A recent article in the San Jose Mercury News (Courtrooms now aglow with high-tech methods for telling better visual tale) shared the “non-legal” perspective of courtroom technology, referencing a number of high-profile matters, including the Robert Blake murder trial, Los Angeles Dodgers divorce trial, the San Francisco Zoo tiger mauling case, and the DeAnza baseball team gang rape case. The article demonstrates the importance and impact of adding visual persuasion to your trial presentation, and that jurors and judges alike find it compelling.

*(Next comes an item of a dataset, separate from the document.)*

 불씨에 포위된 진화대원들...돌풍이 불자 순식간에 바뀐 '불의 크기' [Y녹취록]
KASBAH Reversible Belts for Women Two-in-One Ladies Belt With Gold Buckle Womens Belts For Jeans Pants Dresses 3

|Image: Litigation Media Group|
Rather than attempting to convince or explain why an attorney should want to bother with the added expense and work involved to incorporate trial technology into their practice, and/or why you probably shouldn’t attempt to handle the technology yourself while trying your case (which I’ve already done in Trial Presentation in Large and Complex Cases), I will share a few comments from the Judiciary.

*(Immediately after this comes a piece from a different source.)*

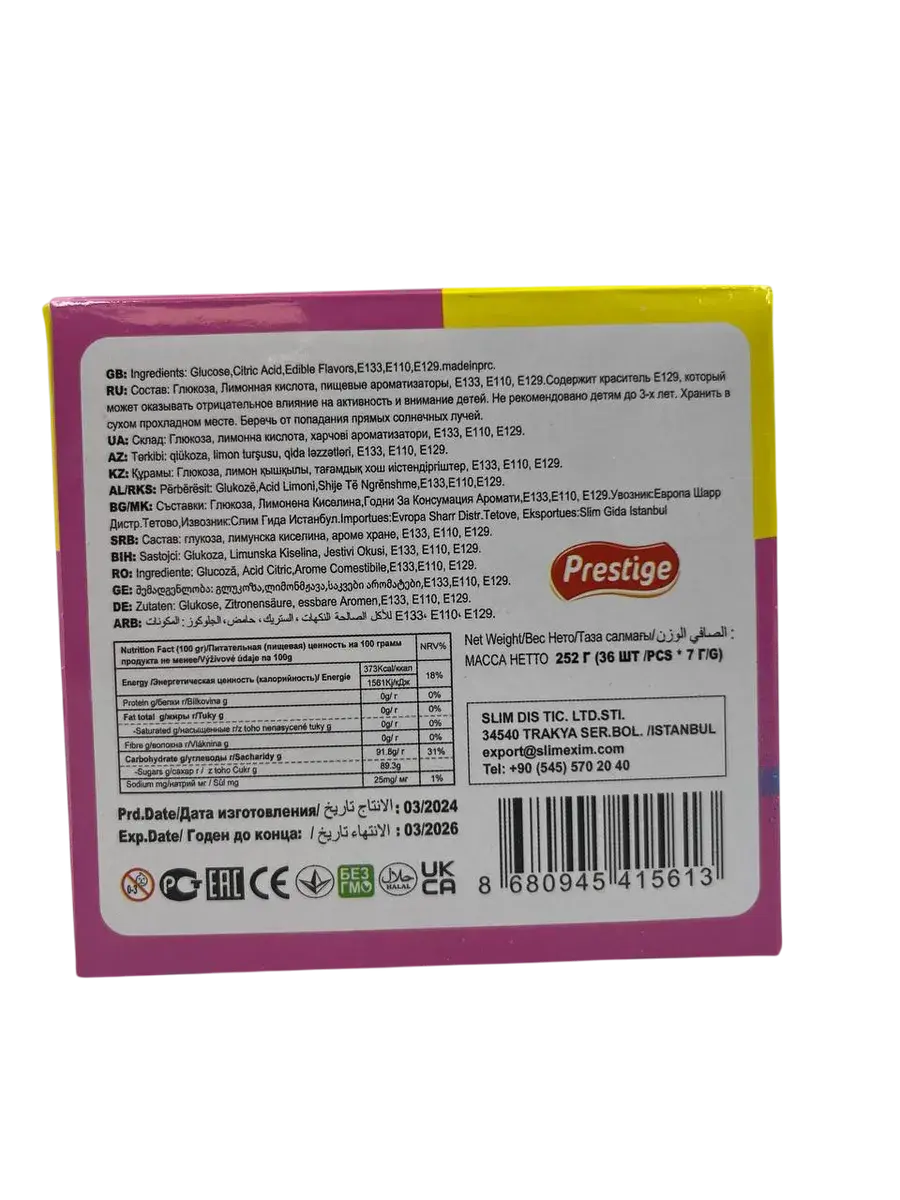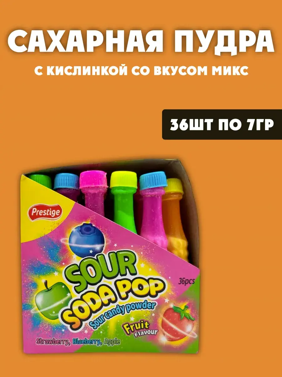 Попробуйте классную, а главное вкусную сахарную пудру от турецкого производителя Prestige. В каждой упаковке вас ждет 36 миниатюрных бутылочек по 7 грамм каждая с потрясающим миксом вкусов: сочная клубника, свежее яблоко и ароматная голубика. Это сладкое удовольствие в забавной упаковке обязательно понравится вам и вашим одноклассникам.

“I was trying cases when you got your felt pen out or wrote on a blackboard. And now, of course, technology exists, and I’ve tried some cases with a lot of in-courtroom technology being used and it’s very good, if well done. But! It can be screwed up. If it collapses on you, now you’ve a problem. Or if you can’t run it right, you have a problem. But, if done right, you have a great thing because juries are used to video presentations, bits and pieces of information being sent at them. So I think it works well, if done right.” – Hon. Joseph Huber, Santa Clara County Superior Court
“Juries seem to love visuals, even if it’s just jury instructions. I see it more and more.” -- Hon. Jerome E. Brock, Santa Clara County Superior Court.
"I want you to know that you have had an opportunity by being jurors on this case to participate in one of the most well-prepared, if not the most well-prepared, cases that I have seen, that you have been on the cutting edge as far as technology in the courtroom, that you have had an opportunity to see a case presented by people who clearly know what they're doing and how to do it. We have some technology that I have not used in my courtroom before. And we all had some concern about how is that going to work, and it worked very, very well." – Hon. Bonnie Sabraw (ret.), Alameda County Superior Court
If you’re a litigator, you don’t have to learn technology or change the style in which you try your cases, just as your clients don’t need to go to law school in order for you to represent them. If your case and client warrant calling in a trial presentation expert, it’s an easy decision.